Recall that a causal effect is defined as the difference between two potential outcomes. In this case, there are multiple causal effects because there are more than two potential outcomes. One is the causal effect of the drug on Joe when Mary receives treatment and is calculated, $130 - 140$. Another is the causal effect on Joe when Mary does not receive treatment and is calculated $120 - 125$. The third is the causal effect of Mary's treatment on Joe when Joe is not treated. This is calculated as $140 - 125$. The treatment Mary receives has a greater causal effect on Joe than the treatment which Joe received has on Joe, and it is in the opposite direction.

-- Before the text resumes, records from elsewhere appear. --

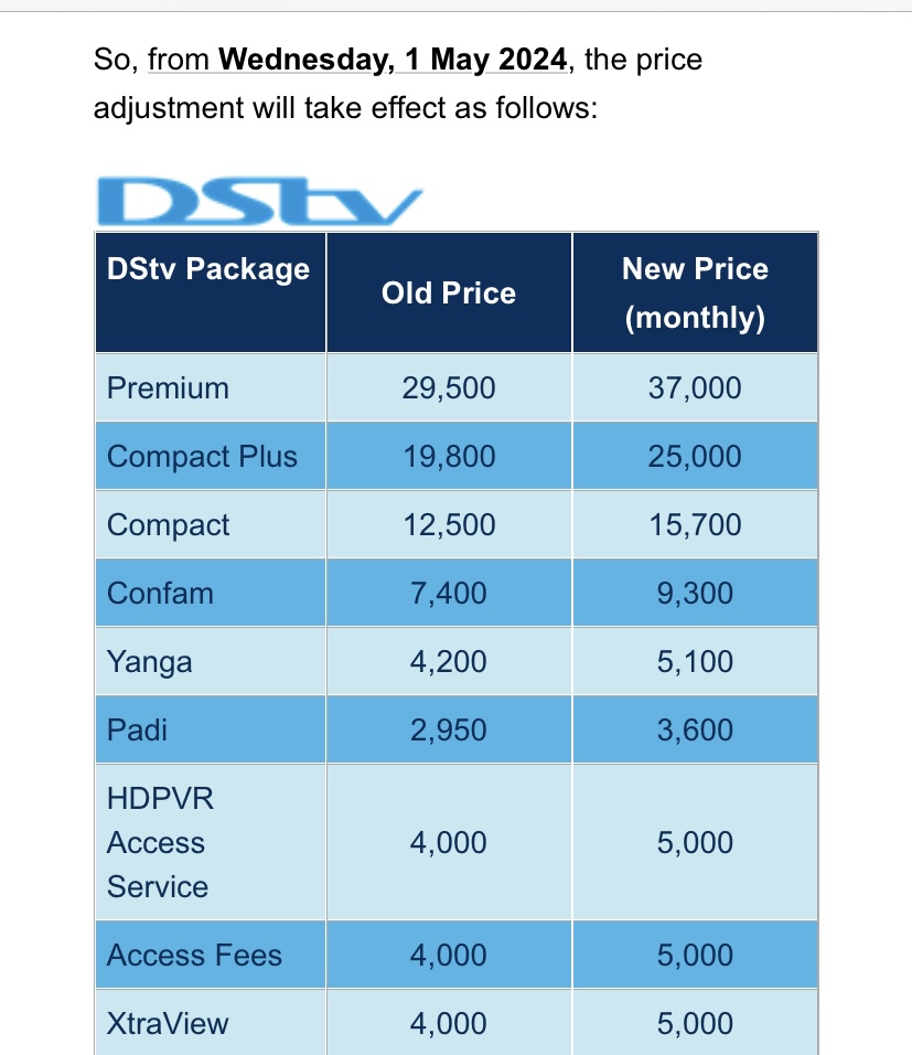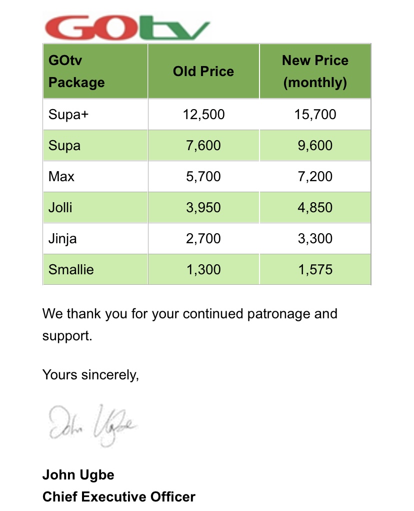 The new price list was contained in a mail forwarded to DSTV and GOTV subscribers, signed by John Ugbe, MultiChoice Chief Executive Officer, on Wednesday 24th April, 2024.
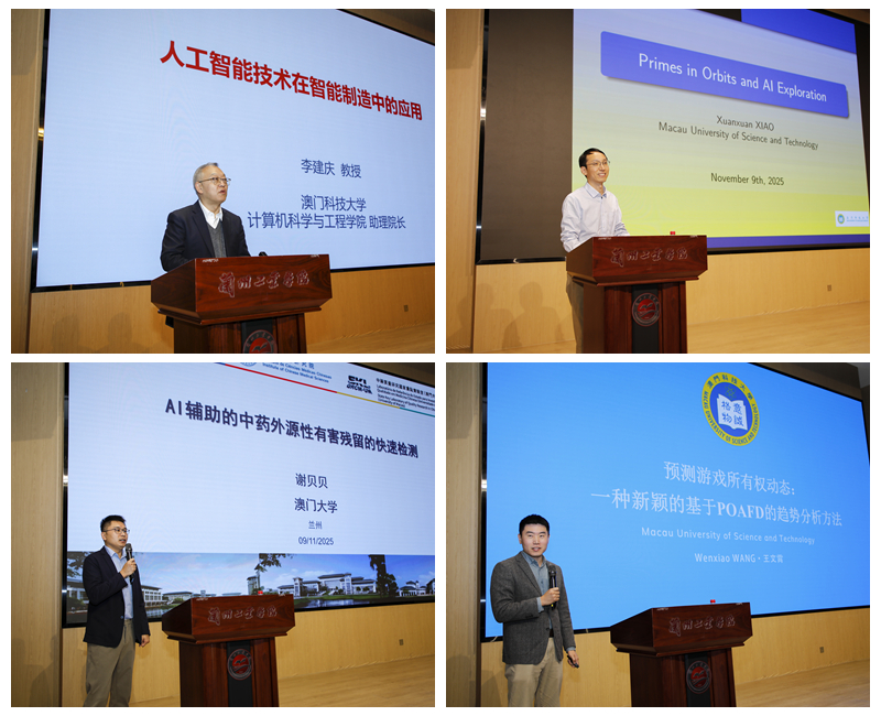 主题报告环节中,澳门科技大学李建庆教授、肖玄玄副教授、澳门大学谢贝贝博士和澳门科技大学王文霄博士分别以《人工智能技术在智能制造中的应用》《群轨道中的素数及机器学习在素数研究中的应用》《AI辅助的中药外源性有害残留检测》《预测游戏所有权动态:一种新颖的POAFD趋势分析方法》为题,作了精彩的报告。报告聚焦人工智能前沿,纵论技术热点、横览行业应用,内容翔实、启发性强,为与会者奉献了一场精彩的思想盛宴。这场报告不仅是一次知识的集中赋能,更点燃了与会者探索与创新的热情,获得了广泛而热烈的反响。
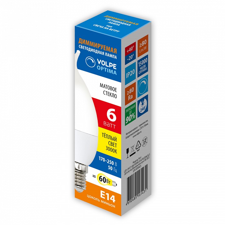 Лампа светодиодная Volpe OPTIMA DIM E14 6Вт 3000K UL-00009223
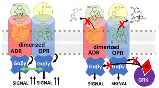 - Jordan, B.A.; Trapaidze, N.; Gomes, I.; Nivarthi, R.; Devi, L.A. Oligomerization of opioid receptors with beta 2-adrenergic receptors: A role in trafficking and mitogen-activated protein kinase activation. Proc. Natl. Acad. Sci. USA 2001, 98, 343–348. [Google Scholar] [CrossRef] [PubMed]

By considering more potential outcomes in this way, we can cause SUTVA to hold. However, if any units other than Joe are dependent on Mary, then we must consider further potential outcomes. The greater the number of dependent units, the more potential outcomes we must consider and the more complex the calculations become (consider an experiment with 20 different people, each of whose treatment status can effect outcomes for every one else). In order to (easily) estimate the causal effect of a single treatment relative to a control, SUTVA should hold.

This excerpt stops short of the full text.